After attending King Edward VI Five Ways Grammar School, Lycett studied drama and English at the University of Manchester, graduating BA. He worked front of house at The Alexandra, Birmingham and Palace Theatre, Manchester.

==Career==

Lycett performing for the Equality Network's LGBT Rights: Stand-up for Russia event in Edinburgh, August 2013

===Stage===
Lycett began performing stand-up in 2009 and won the Chortle Student Comedian of the Year the same year.

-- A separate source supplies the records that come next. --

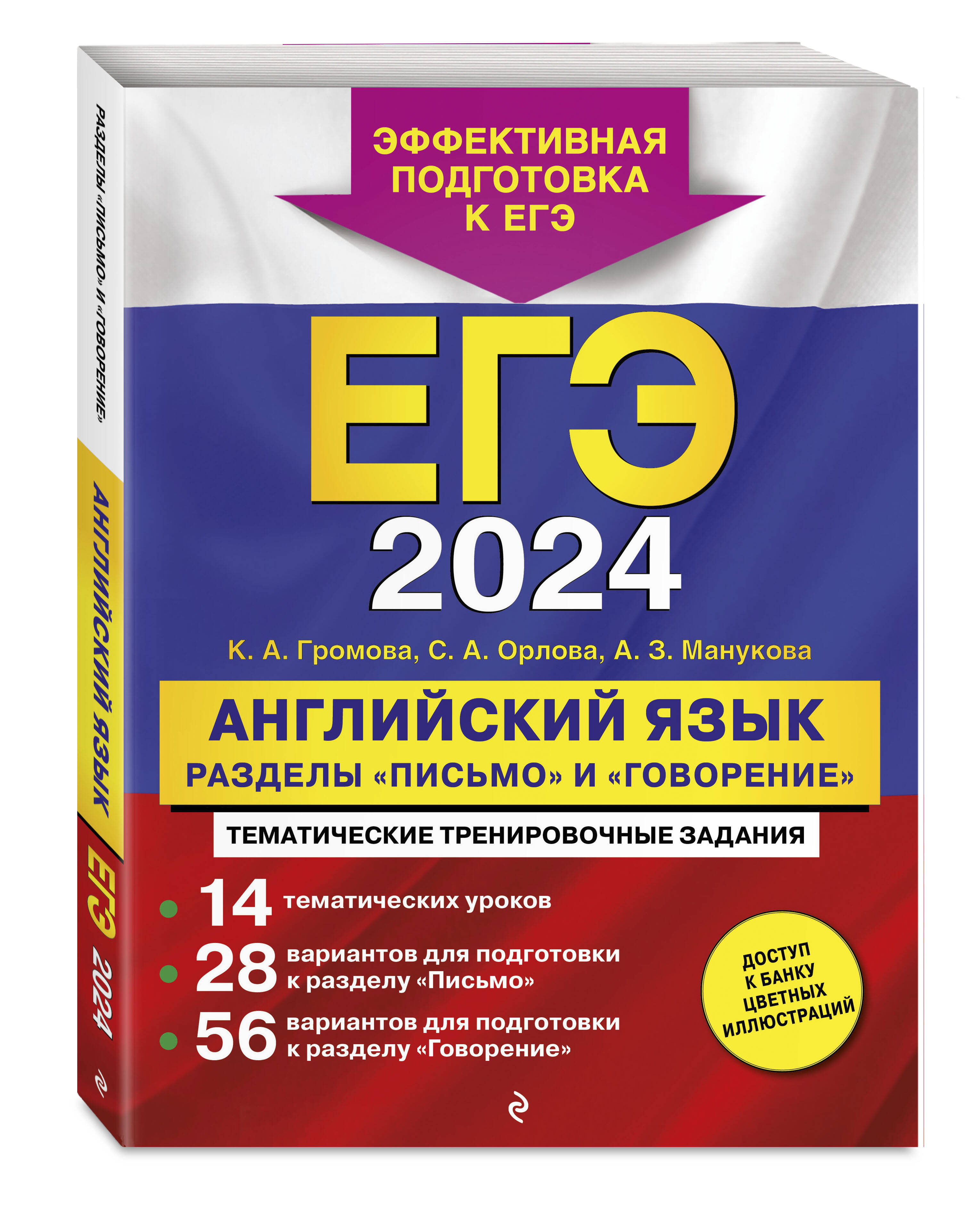 Издание предназначено для подготовки учащихся старших классов к ЕГЭ по английскому языку в 2024 году. В книге приводится уникальная авторская методика подготовки к самым сложным разделам ЕГЭ по английскому языку - «Письмо» («Письменная речь») и «Говорение» («Устная речь»): • комплекс упражнений, сгруппированных в 14 тематических уроков; • 28 тренировочных вариантов для подготовки к разделу «Письмо»; • 56 тренировочных вариантов для подготовки к устной части; • опорные фразы для выполнения заданий разделов «Письмо» и «Говорение»; • примеры выполнения заданий 37 и 38 письменной части и задания 4-й устной части; • шаблоны устного ответа на английском и русском языках. К пособию прилагается обширный банк цветных иллюстраций в электронном виде для выполнения заданий устной части, доступный по QR-коду. Книга будет полезна учителям английского языка, так как дает возможность эффективно организовать подготовку учащихся к ЕГЭ непосредственно на уроках, в процессе изучения учебного материала. Материалы пособия помогут учащимся приобрести практические навыки выполнения заданий из разделов «Письмо» («Письменная речь») и «Говорение» («Устная часть»), значительно увеличить лексический запас и качественно подготовиться к ЕГЭ по английскому языку.| Издательство | ООО "Издательство "Эксмо" |
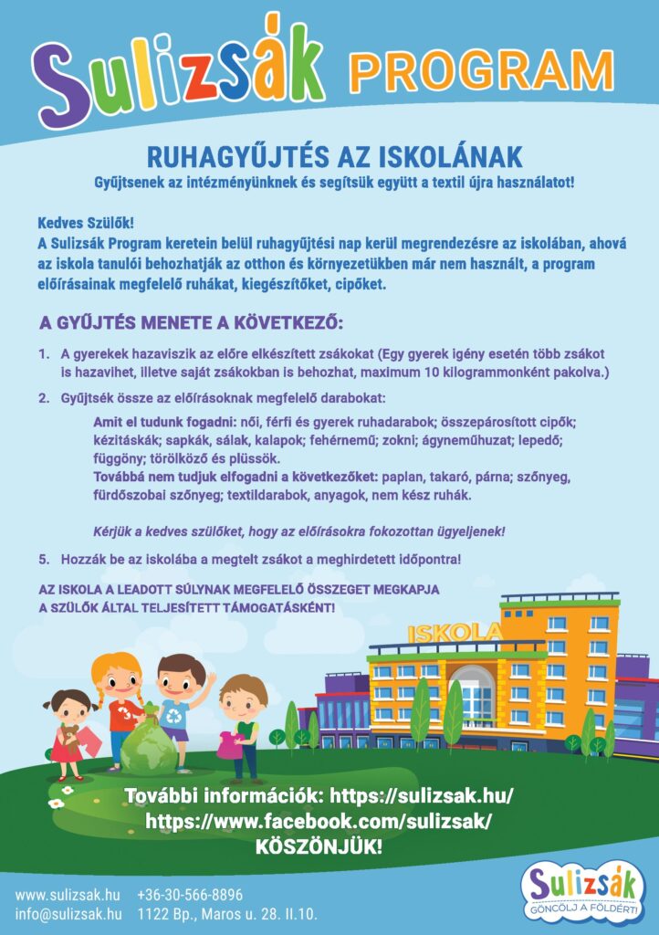 1. 2025. Február 11-én ismét sulizsákos akció lesz a tahitótfalui iskolában.
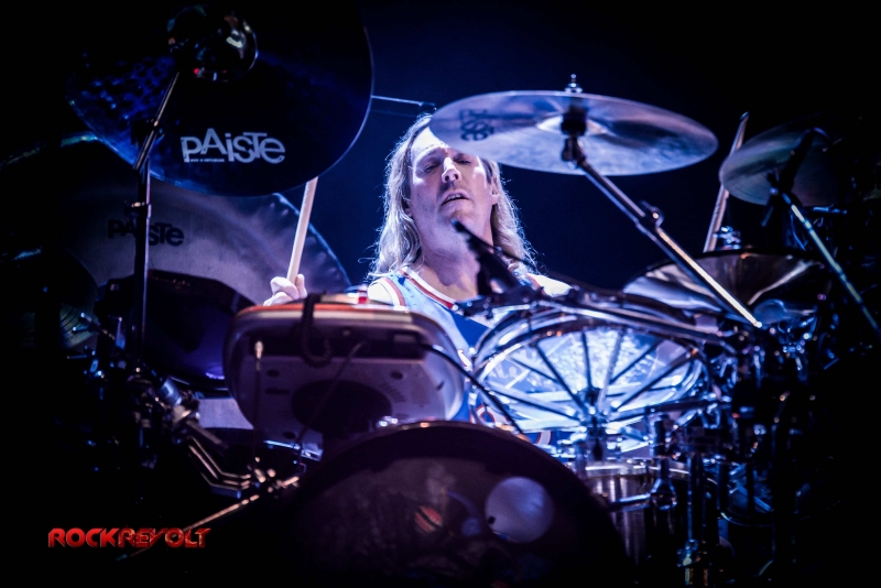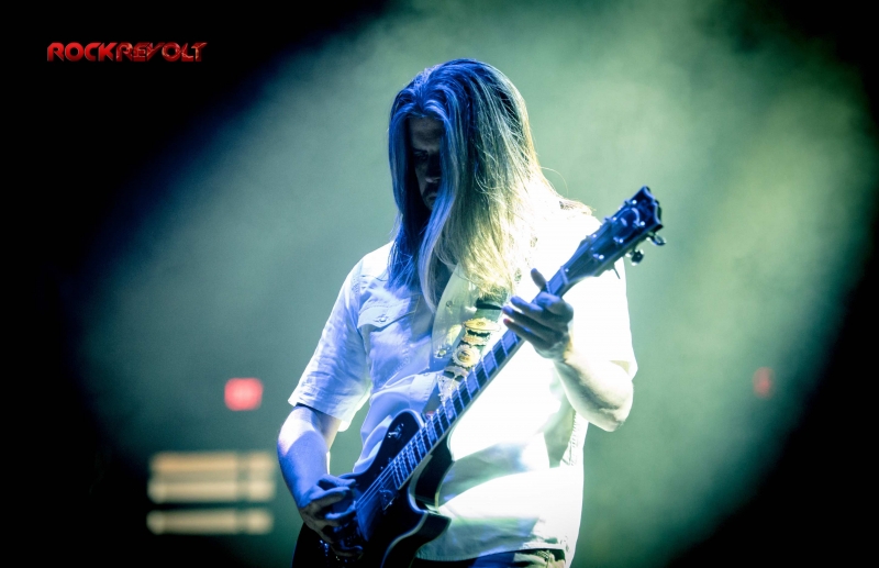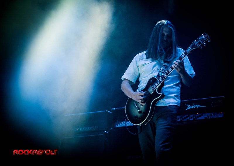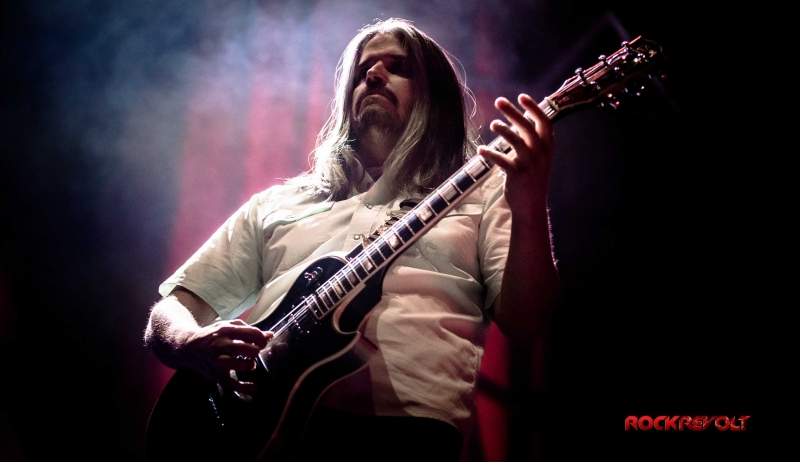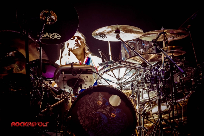 Following a ten-minute intermission Carey would emerge from the shadows to deliver a lengthy drum solo. The percussion interlude pitched and swayed in tempo as galactic inspired visuals meshed with the drummer’s familiar geometric and Enochian symbols in the background before the solo seamlessly transitioned into the band’s performance of “Vicarious.”

Early in his career as a 22-year-old comedian, Lycett appeared on stage alongside Jim Davidson, who is known for his offensive jokes, which have been described as both racist and homophobic, and Lycett complained about Davidson's use of the racial slur "chink" in one of his jokes (which Davidson later removed). The two became friends while touring together (with Davidson's only complaint to Lycett being that he swore too much). "[Jim Davidson's] views on race are incredibly misguided but he is very educated about it. He has read the Quran, and at one point told me in detail about the origins of Rastafarianism", Lycett told the Birmingham Mail in 2011.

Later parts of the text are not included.